The senior framing is that correctness dominates every other concern. The throughput is modest, the data model is small, and the external provider is slow - none of those is the difficulty. The difficulty is that any retry, network glitch, or partial failure must not turn into a duplicate charge or a lost payment, even when the layer below you - the payment processor - times out without telling you whether the charge happened. Everything in the deep dive is a mechanism for making that true.

Step 1 - Clarify Requirements

Functional requirements:

Process a payment: debit a customer, credit a merchant, take a platform fee.
Issue refunds.
Integrate with an external payment provider that talks to the bank rails.
Expose transaction history.

Out of scope (name, then defer): fraud detection, KYC, fiat conversion, the customer-facing payment UI, and DRM-style chargeback handling beyond a basic refund flow.

Non-functional requirements:

Correctness over availability. Money must not be lost or duplicated. This priority is the opposite of every other system in this series.
Idempotency at every boundary that can retry.
Auditability. Every state change recorded, no in-place edits.
Strong consistency around balances.
Modest throughput, but every operation matters.
Regulatory constraints - PCI-DSS, audit logs, long retention.

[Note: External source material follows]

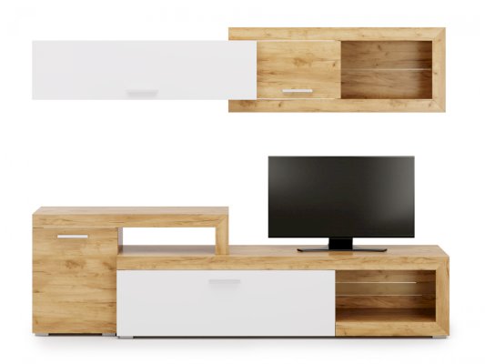 Преимущества: большая ниша для ТВ — для телевизора с диагональю от 50" и больше; стильное исполнение — насыщенный цвет натурального дуба делает мебель максимально привлекательной; настенный модуль — поможет сэкономить драгоценное свободное пространство в комнате, не пренебрегая практичностью. Для изготовления данной модели используется ЛДСП.

The clarifying question worth surfacing first: the user-observable guarantee is exactly-once in effect, but, as Part 3 established, exactly-once is not achievable end to end. What we actually deliver is at-least-once with idempotency at every boundary plus a reconciliation safety net against external ground truth. State this up front - the rest of the design follows.

Step 2 - Estimate Scale

The numbers here are deliberately small compared to the rest of the series, because the difficulty is per-operation, not per-second.

Throughput. Assume 10 million payments/day: ~115/sec average, ~500/sec at peak. Tiny by any other system's standards.

Storage. Each payment writes ~2 KB across payment record, ledger entries, and audit data: ~20 GB/day, retained for years for regulatory reasons. The cost is in retention and immutability, not volume.

Latency. The external provider call dominates - 100 to 500 ms - and that bound is the per-payment latency, not any internal hop.

The arithmetic confirms that bandwidth, CPU, and storage are not constraints. Correctness is the constraint.

Step 3 - API and Data Model

POST /api/payments
  Idempotency-Key: <uuid>
  body: { customerId, merchantId, amount, currency, methodToken }
  201 Created   { paymentId, status: "captured" | "pending" | "failed" }
 
POST /api/payments/{id}/refund
  Idempotency-Key: <uuid>
  body: { amount }
 
GET  /api/payments/{id}   -> the payment state

The data model has four pieces, and the relationships between them are the design:

Entity	Role
Payment	`paymentId`, `status` state machine, `amount`, parties, `providerRef`
Idempotency record	`idempotencyKey` -> `paymentId` + cached response, long TTL
Ledger entries	Append-only, double-entry - the authoritative record of money movements
Outbox	Pending events committed atomically with state changes

Two modelling choices are non-obvious and structural. First, balances are not a column. They are derived from the ledger, because a mutable balance column can be corrupted silently and have no audit trail. Every money movement is one set of debit and credit entries that sum to zero, the standard double-entry pattern, and a corrected entry is always a new entry, never an edit. Second, the payment status is an explicit state machine - CREATED -> AUTHORIZED -> CAPTURED -> REFUNDED plus FAILED and PENDING - which makes "we don't yet know whether the provider charged the customer" a first-class state instead of an undefined gap.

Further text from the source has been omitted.